----- Input material -----

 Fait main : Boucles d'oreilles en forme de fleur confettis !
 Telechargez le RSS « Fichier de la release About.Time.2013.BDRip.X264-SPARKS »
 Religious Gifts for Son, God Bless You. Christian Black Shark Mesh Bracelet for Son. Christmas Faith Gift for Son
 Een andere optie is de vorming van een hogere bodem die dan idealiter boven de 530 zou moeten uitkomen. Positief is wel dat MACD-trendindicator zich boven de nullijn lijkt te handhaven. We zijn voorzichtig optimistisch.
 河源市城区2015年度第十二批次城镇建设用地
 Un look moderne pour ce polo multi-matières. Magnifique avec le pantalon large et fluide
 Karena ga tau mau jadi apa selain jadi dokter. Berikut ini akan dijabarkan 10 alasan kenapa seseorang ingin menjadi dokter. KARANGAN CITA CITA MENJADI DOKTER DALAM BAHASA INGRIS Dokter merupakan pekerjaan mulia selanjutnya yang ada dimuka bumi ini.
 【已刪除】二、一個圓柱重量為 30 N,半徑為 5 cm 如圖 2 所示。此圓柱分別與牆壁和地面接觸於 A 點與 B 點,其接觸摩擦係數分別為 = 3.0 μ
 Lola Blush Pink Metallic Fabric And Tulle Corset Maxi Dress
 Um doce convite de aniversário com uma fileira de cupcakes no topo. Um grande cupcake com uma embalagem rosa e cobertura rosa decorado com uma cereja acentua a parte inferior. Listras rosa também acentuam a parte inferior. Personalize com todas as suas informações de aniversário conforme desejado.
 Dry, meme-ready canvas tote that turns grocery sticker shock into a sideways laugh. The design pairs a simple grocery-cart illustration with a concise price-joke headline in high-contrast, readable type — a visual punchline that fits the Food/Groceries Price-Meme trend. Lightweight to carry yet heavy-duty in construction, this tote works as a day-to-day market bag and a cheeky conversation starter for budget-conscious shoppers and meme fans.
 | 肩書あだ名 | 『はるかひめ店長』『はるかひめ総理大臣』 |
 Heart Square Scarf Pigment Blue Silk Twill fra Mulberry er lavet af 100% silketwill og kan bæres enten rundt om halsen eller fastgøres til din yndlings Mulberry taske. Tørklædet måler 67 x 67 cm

-----

### What the task asks
Word for word, copy out the records.

### Your solution
 Fait main : Boucles d'oreilles en forme de fleur confettis !
 Telechargez le RSS « Fichier de la release About.Time.2013.BDRip.X264-SPARKS »
 Religious Gifts for Son, God Bless You. Christian Black Shark Mesh Bracelet for Son. Christmas Faith Gift for Son
 Een andere optie is de vorming van een hogere bodem die dan idealiter boven de 530 zou moeten uitkomen. Positief is wel dat MACD-trendindicator zich boven de nullijn lijkt te handhaven. We zijn voorzichtig optimistisch.
 河源市城区2015年度第十二批次城镇建设用地
 Un look moderne pour ce polo multi-matières. Magnifique avec le pantalon large et fluide
 Karena ga tau mau jadi apa selain jadi dokter. Berikut ini akan dijabarkan 10 alasan kenapa seseorang ingin menjadi dokter. KARANGAN CITA CITA MENJADI DOKTER DALAM BAHASA INGRIS Dokter merupakan pekerjaan mulia selanjutnya yang ada dimuka bumi ini.
 【已刪除】二、一個圓柱重量為 30 N,半徑為 5 cm 如圖 2 所示。此圓柱分別與牆壁和地面接觸於 A 點與 B 點,其接觸摩擦係數分別為 = 3.0 μ
 Lola Blush Pink Metallic Fabric And Tulle Corset Maxi Dress
 Um doce convite de aniversário com uma fileira de cupcakes no topo. Um grande cupcake com uma embalagem rosa e cobertura rosa decorado com uma cereja acentua a parte inferior. Listras rosa também acentuam a parte inferior. Personalize com todas as suas informações de aniversário conforme desejado.
 Dry, meme-ready canvas tote that turns grocery sticker shock into a sideways laugh. The design pairs a simple grocery-cart illustration with a concise price-joke headline in high-contrast, readable type — a visual punchline that fits the Food/Groceries Price-Meme trend. Lightweight to carry yet heavy-duty in construction, this tote works as a day-to-day market bag and a cheeky conversation starter for budget-conscious shoppers and meme fans.
 | 肩書あだ名 | 『はるかひめ店長』『はるかひめ総理大臣』 |
 Heart Square Scarf Pigment Blue Silk Twill fra Mulberry er lavet af 100% silketwill og kan bæres enten rundt om halsen eller fastgøres til din yndlings Mulberry taske. Tørklædet måler 67 x 67 cm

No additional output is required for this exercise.